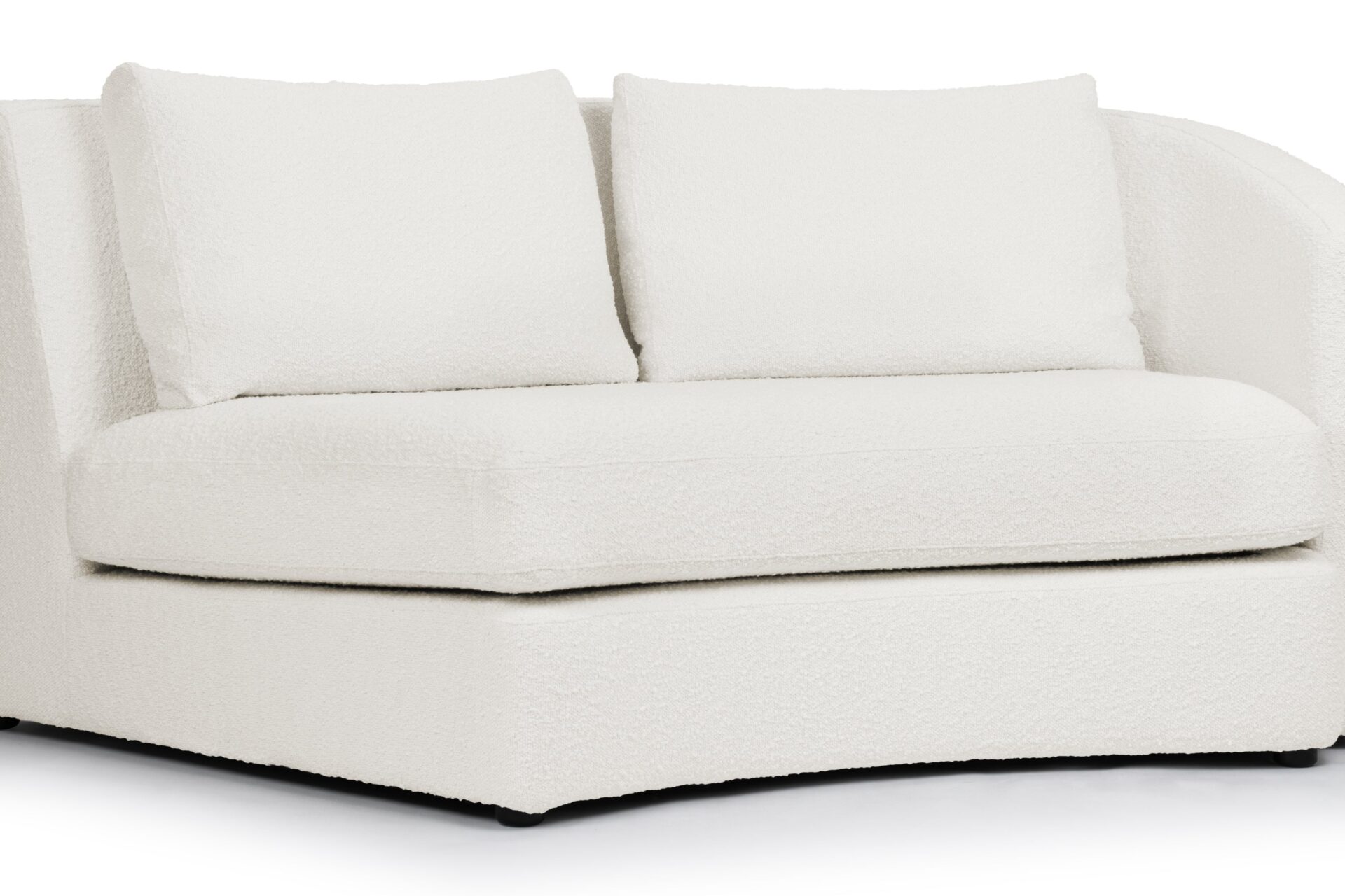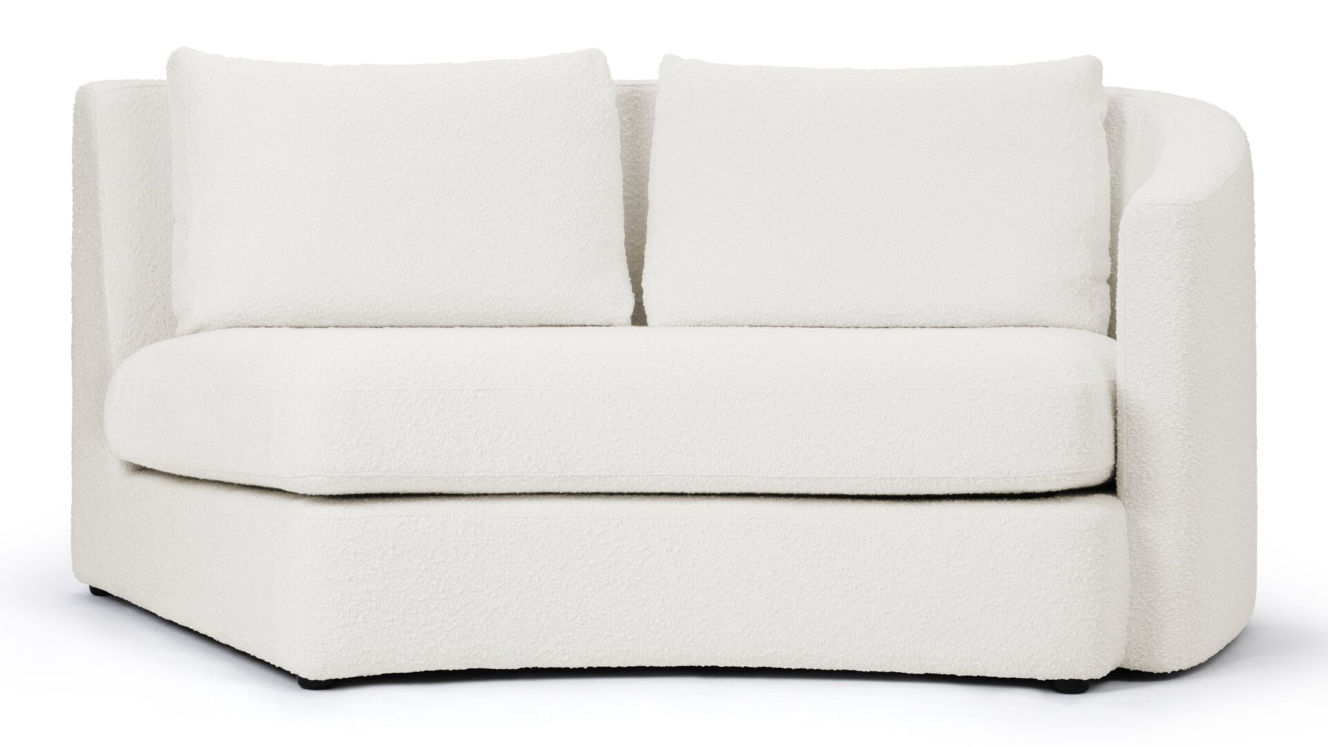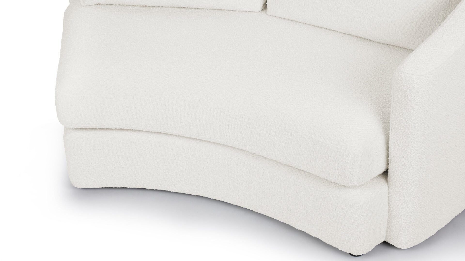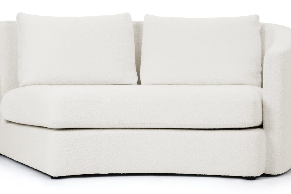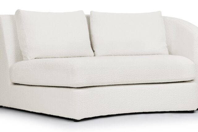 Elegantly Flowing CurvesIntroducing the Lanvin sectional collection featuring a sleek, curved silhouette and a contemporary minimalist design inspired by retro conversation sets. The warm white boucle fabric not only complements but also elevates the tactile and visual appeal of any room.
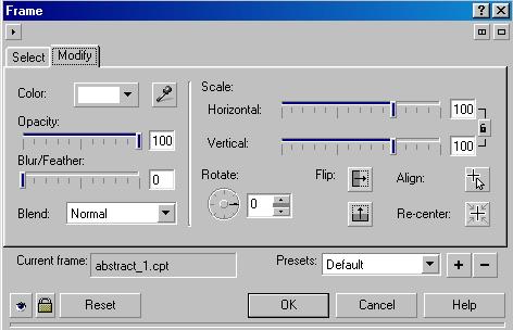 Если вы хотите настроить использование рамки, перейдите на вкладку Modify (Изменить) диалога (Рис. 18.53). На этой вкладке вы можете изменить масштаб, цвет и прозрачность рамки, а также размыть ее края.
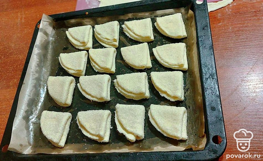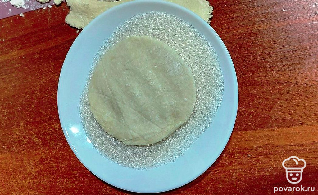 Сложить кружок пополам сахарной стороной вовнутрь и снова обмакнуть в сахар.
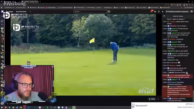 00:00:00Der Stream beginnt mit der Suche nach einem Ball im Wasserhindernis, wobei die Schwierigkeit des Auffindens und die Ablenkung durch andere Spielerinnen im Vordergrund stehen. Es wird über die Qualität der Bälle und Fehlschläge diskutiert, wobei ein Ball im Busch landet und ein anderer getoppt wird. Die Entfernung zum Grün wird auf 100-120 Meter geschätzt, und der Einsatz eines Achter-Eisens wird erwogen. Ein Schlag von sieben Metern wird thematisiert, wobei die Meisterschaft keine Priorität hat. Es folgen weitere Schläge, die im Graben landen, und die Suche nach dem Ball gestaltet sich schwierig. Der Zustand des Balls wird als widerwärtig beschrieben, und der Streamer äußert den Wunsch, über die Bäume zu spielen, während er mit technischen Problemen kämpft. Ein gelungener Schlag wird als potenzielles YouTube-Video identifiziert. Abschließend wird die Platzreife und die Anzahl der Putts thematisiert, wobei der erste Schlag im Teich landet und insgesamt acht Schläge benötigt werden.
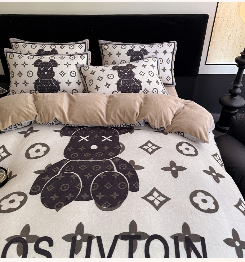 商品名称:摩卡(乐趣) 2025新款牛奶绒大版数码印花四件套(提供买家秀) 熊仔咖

........

TASK INSTRUCTIONS
Beginning with the line that has "00:00:00Der Stream beginnt", repeat each remaining line of the data above word for word, keeping pictures out.

REPLY
 00:00:00Der Stream beginnt mit der Suche nach einem Ball im Wasserhindernis, wobei die Schwierigkeit des Auffindens und die Ablenkung durch andere Spielerinnen im Vordergrund stehen. Es wird über die Qualität der Bälle und Fehlschläge diskutiert, wobei ein Ball im Busch landet und ein anderer getoppt wird. Die Entfernung zum Grün wird auf 100-120 Meter geschätzt, und der Einsatz eines Achter-Eisens wird erwogen. Ein Schlag von sieben Metern wird thematisiert, wobei die Meisterschaft keine Priorität hat. Es folgen weitere Schläge, die im Graben landen, und die Suche nach dem Ball gestaltet sich schwierig. Der Zustand des Balls wird als widerwärtig beschrieben, und der Streamer äußert den Wunsch, über die Bäume zu spielen, während er mit technischen Problemen kämpft. Ein gelungener Schlag wird als potenzielles YouTube-Video identifiziert. Abschließend wird die Platzreife und die Anzahl der Putts thematisiert, wobei der erste Schlag im Teich landet und insgesamt acht Schläge benötigt werden.
 商品名称:摩卡(乐趣) 2025新款牛奶绒大版数码印花四件套(提供买家秀) 熊仔咖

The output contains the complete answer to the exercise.